Try it | Your answer must be an exact copy of the records below, with no pictures in it.

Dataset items
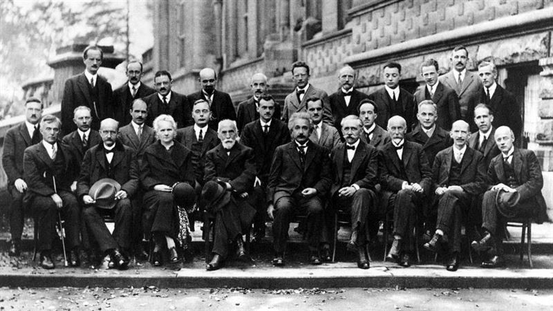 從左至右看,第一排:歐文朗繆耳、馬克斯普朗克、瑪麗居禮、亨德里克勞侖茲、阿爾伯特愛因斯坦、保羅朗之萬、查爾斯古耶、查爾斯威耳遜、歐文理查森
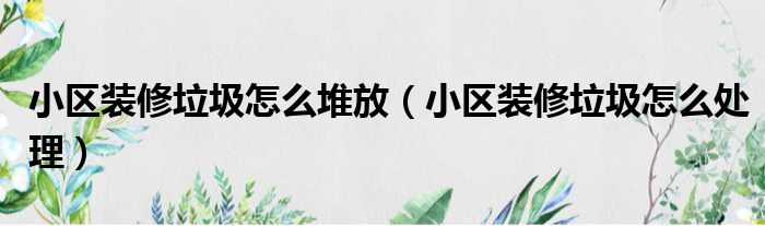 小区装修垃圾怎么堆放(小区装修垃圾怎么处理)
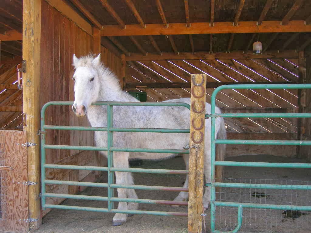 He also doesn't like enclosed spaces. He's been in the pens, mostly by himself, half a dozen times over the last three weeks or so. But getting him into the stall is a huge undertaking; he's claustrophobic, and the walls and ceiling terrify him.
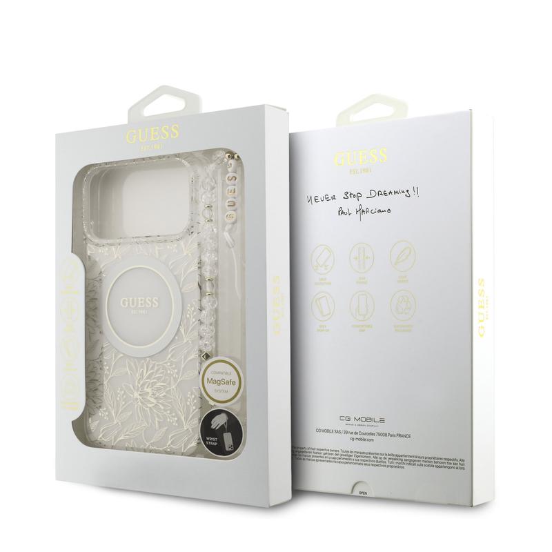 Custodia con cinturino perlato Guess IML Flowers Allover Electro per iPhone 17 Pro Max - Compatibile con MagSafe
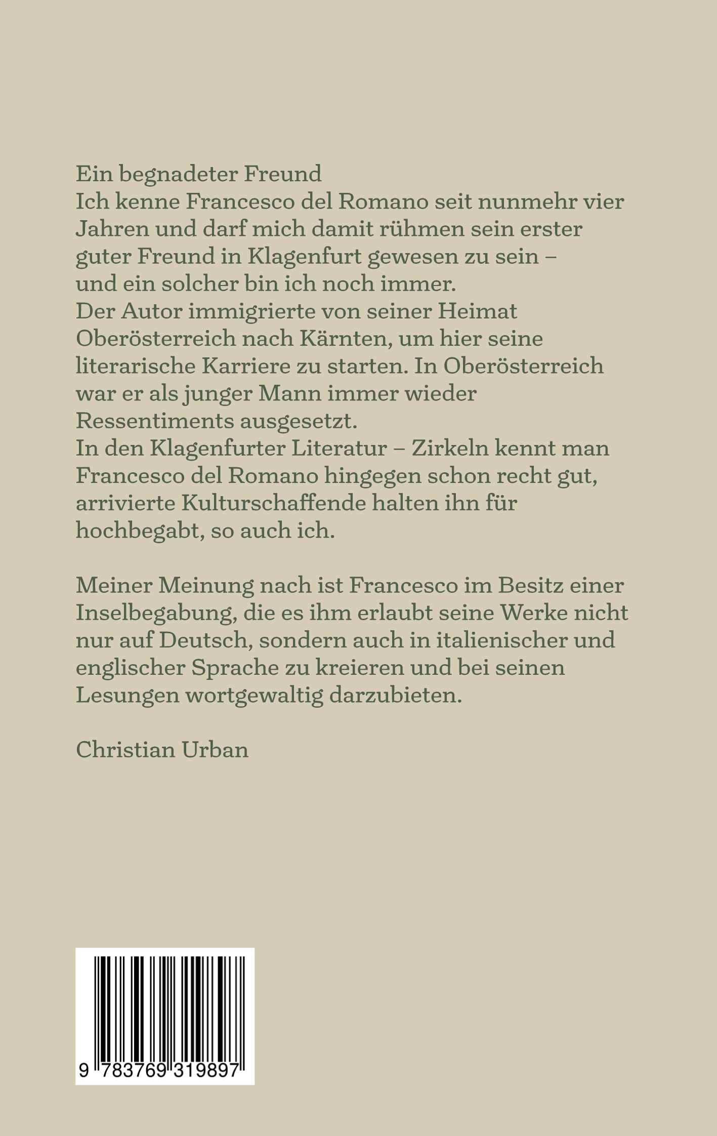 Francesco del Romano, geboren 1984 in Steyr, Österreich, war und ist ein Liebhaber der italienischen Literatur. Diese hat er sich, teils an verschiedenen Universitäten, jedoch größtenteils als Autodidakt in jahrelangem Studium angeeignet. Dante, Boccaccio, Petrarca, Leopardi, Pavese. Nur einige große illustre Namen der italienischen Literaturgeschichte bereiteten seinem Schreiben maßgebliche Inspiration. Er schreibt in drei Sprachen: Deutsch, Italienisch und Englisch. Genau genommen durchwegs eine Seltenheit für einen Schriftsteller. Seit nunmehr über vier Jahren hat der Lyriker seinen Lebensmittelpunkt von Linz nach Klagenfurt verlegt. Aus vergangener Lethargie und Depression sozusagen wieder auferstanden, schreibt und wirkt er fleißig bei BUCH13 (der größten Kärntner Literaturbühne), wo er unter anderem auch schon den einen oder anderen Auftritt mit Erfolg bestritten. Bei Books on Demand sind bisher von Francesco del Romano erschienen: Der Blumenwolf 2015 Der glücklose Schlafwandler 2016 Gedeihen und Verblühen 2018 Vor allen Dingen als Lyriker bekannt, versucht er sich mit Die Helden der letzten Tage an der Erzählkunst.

Output below |
 從左至右看,第一排:歐文朗繆耳、馬克斯普朗克、瑪麗居禮、亨德里克勞侖茲、阿爾伯特愛因斯坦、保羅朗之萬、查爾斯古耶、查爾斯威耳遜、歐文理查森
 小区装修垃圾怎么堆放(小区装修垃圾怎么处理)
 He also doesn't like enclosed spaces. He's been in the pens, mostly by himself, half a dozen times over the last three weeks or so. But getting him into the stall is a huge undertaking; he's claustrophobic, and the walls and ceiling terrify him.
 Custodia con cinturino perlato Guess IML Flowers Allover Electro per iPhone 17 Pro Max - Compatibile con MagSafe
 Francesco del Romano, geboren 1984 in Steyr, Österreich, war und ist ein Liebhaber der italienischen Literatur. Diese hat er sich, teils an verschiedenen Universitäten, jedoch größtenteils als Autodidakt in jahrelangem Studium angeeignet. Dante, Boccaccio, Petrarca, Leopardi, Pavese. Nur einige große illustre Namen der italienischen Literaturgeschichte bereiteten seinem Schreiben maßgebliche Inspiration. Er schreibt in drei Sprachen: Deutsch, Italienisch und Englisch. Genau genommen durchwegs eine Seltenheit für einen Schriftsteller. Seit nunmehr über vier Jahren hat der Lyriker seinen Lebensmittelpunkt von Linz nach Klagenfurt verlegt. Aus vergangener Lethargie und Depression sozusagen wieder auferstanden, schreibt und wirkt er fleißig bei BUCH13 (der größten Kärntner Literaturbühne), wo er unter anderem auch schon den einen oder anderen Auftritt mit Erfolg bestritten. Bei Books on Demand sind bisher von Francesco del Romano erschienen: Der Blumenwolf 2015 Der glücklose Schlafwandler 2016 Gedeihen und Verblühen 2018 Vor allen Dingen als Lyriker bekannt, versucht er sich mit Die Helden der letzten Tage an der Erzählkunst.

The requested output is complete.